DATA SUPPLIED section start
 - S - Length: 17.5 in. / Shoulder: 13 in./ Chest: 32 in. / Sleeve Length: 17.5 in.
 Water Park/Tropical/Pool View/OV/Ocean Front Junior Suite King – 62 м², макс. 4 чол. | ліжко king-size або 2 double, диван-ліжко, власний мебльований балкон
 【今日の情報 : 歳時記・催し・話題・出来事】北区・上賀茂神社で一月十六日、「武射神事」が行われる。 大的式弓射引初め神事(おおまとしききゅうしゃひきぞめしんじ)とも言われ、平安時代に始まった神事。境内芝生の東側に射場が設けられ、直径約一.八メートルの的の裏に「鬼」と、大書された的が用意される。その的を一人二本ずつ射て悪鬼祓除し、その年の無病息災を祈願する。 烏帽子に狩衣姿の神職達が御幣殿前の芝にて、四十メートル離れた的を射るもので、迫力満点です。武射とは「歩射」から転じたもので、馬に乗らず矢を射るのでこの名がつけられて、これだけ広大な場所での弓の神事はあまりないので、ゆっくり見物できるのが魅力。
DATA SUPPLIED section end
DATA SUPPLIED section start
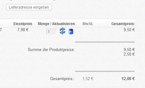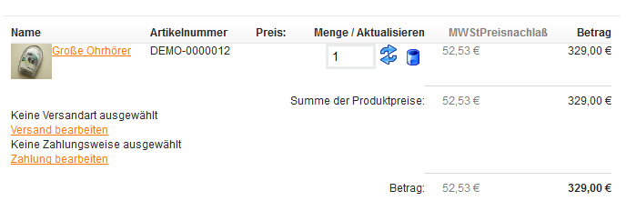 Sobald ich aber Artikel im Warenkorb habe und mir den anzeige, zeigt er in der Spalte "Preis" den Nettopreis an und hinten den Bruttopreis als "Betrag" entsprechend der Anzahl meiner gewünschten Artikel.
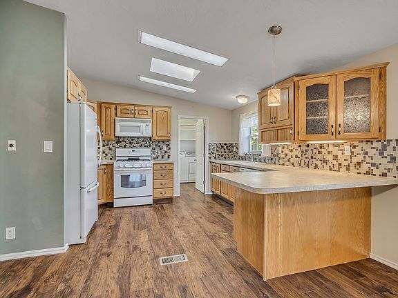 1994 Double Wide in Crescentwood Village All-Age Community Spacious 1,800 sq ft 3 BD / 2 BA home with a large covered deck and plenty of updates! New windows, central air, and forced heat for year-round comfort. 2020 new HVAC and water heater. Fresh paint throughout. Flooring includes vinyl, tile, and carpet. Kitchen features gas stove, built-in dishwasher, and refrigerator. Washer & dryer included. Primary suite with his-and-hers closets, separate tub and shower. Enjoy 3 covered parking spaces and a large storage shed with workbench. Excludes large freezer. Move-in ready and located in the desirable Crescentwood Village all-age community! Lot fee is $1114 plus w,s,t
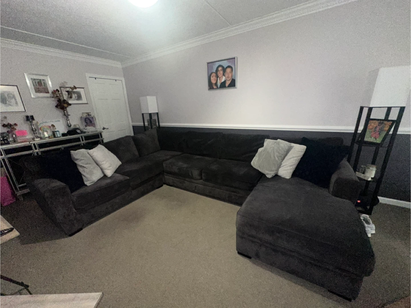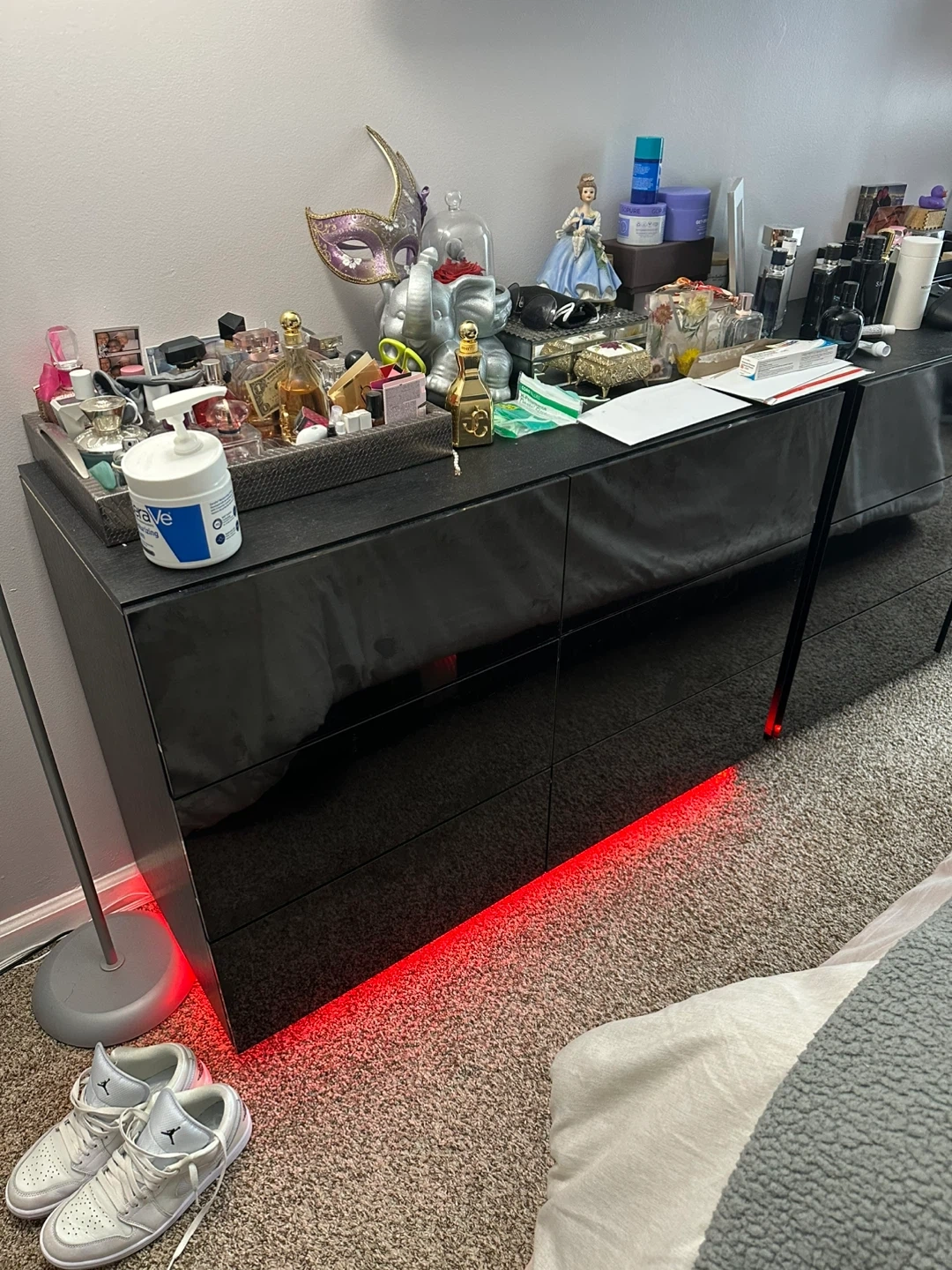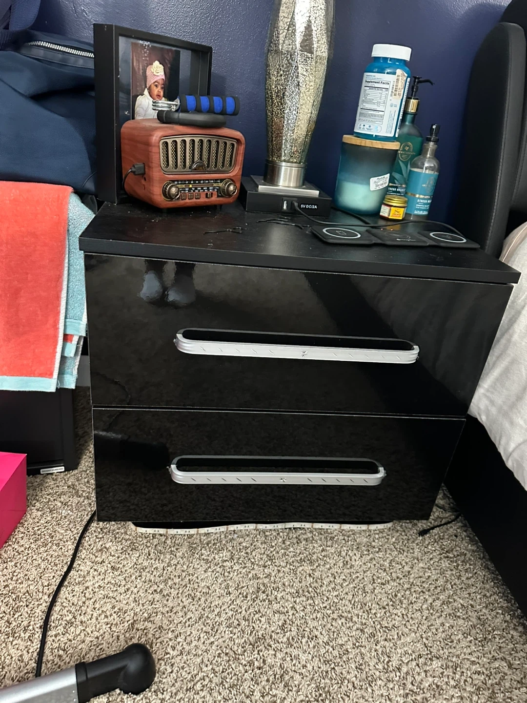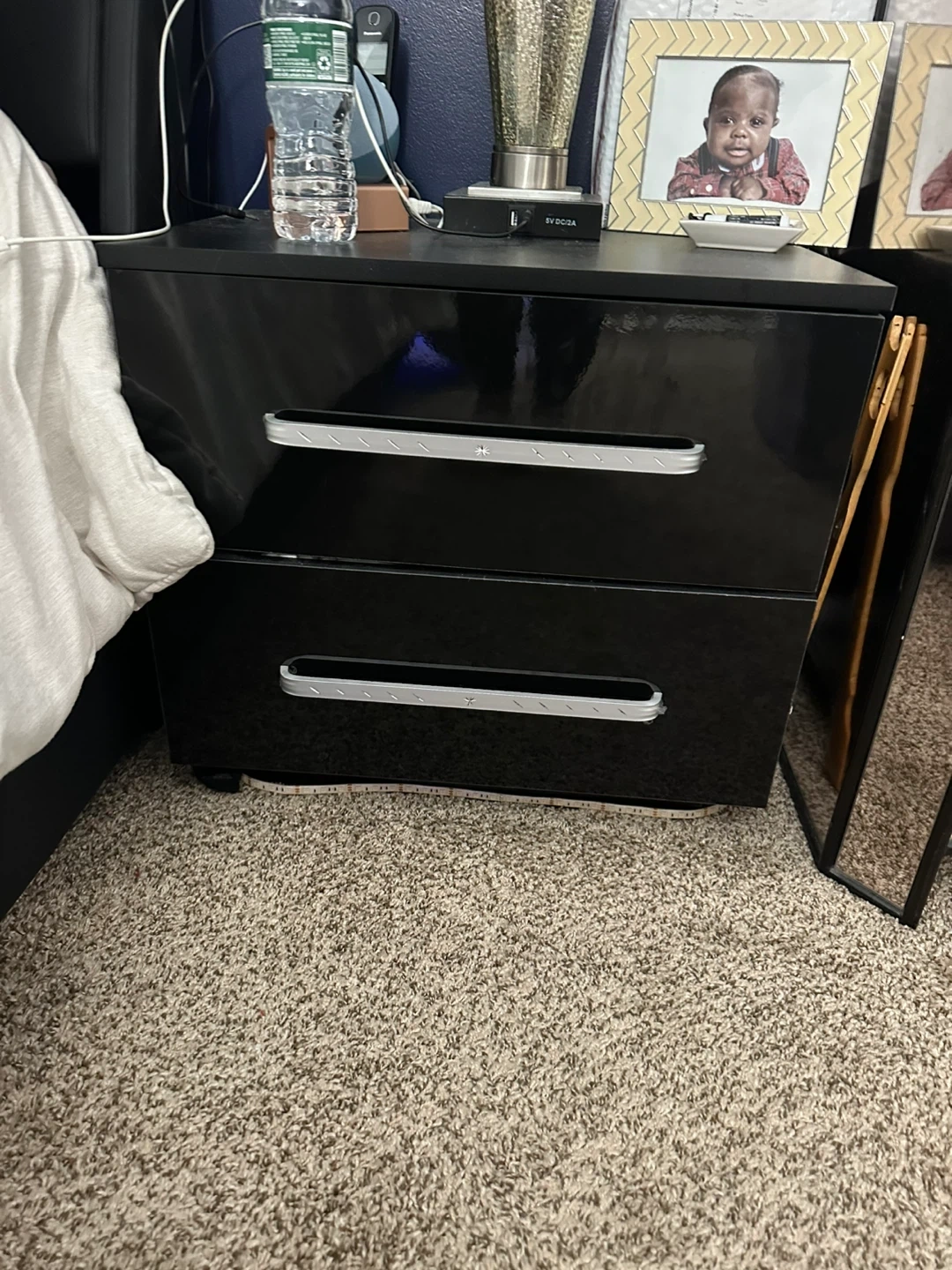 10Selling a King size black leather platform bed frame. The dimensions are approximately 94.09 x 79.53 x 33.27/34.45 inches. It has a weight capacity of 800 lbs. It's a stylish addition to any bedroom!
DATA SUPPLIED section end
DATA SUPPLIED section start
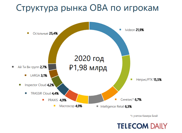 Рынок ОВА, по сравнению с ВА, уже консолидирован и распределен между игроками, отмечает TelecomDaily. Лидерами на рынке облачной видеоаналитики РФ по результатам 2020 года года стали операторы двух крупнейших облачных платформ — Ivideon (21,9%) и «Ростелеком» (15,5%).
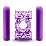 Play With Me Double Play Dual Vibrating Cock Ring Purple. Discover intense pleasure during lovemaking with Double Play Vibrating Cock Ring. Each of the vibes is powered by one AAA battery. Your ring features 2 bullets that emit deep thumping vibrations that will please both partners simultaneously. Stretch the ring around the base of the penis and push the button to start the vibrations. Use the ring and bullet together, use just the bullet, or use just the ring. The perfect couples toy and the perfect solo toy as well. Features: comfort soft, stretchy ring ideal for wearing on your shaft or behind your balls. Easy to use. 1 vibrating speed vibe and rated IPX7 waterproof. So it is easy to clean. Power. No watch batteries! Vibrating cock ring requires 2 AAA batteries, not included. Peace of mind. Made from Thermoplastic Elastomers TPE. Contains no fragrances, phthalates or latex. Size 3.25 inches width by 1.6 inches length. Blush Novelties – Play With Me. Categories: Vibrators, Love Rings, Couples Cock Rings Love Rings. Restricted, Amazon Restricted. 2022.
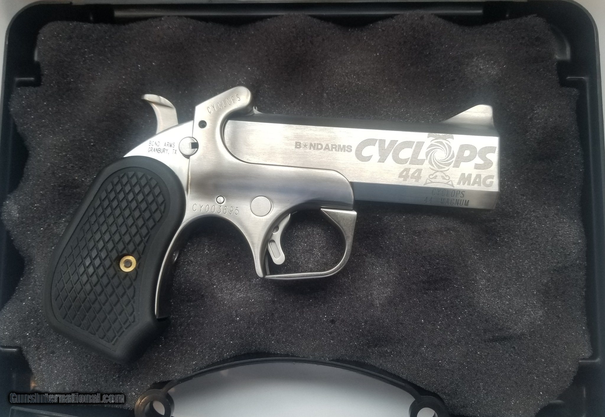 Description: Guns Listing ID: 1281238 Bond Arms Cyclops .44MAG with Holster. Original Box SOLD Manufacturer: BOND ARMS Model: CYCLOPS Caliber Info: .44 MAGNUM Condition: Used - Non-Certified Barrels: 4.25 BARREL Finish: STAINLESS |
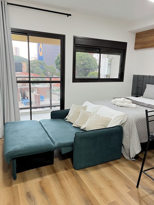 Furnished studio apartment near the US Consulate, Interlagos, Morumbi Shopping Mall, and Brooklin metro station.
DATA SUPPLIED section end
# WHAT IS NEEDED
Out of the data above, set down the lines from the one with "- S - Length: 17.5" to the one with "Water Park/Tropical/Pool View/OV/Ocean", both included, exactly as written and with no additions.

# RESPONSE TO THIS TASK
 - S - Length: 17.5 in. / Shoulder: 13 in./ Chest: 32 in. / Sleeve Length: 17.5 in.
 Water Park/Tropical/Pool View/OV/Ocean Front Junior Suite King – 62 м², макс. 4 чол. | ліжко king-size або 2 double, диван-ліжко, власний мебльований балкон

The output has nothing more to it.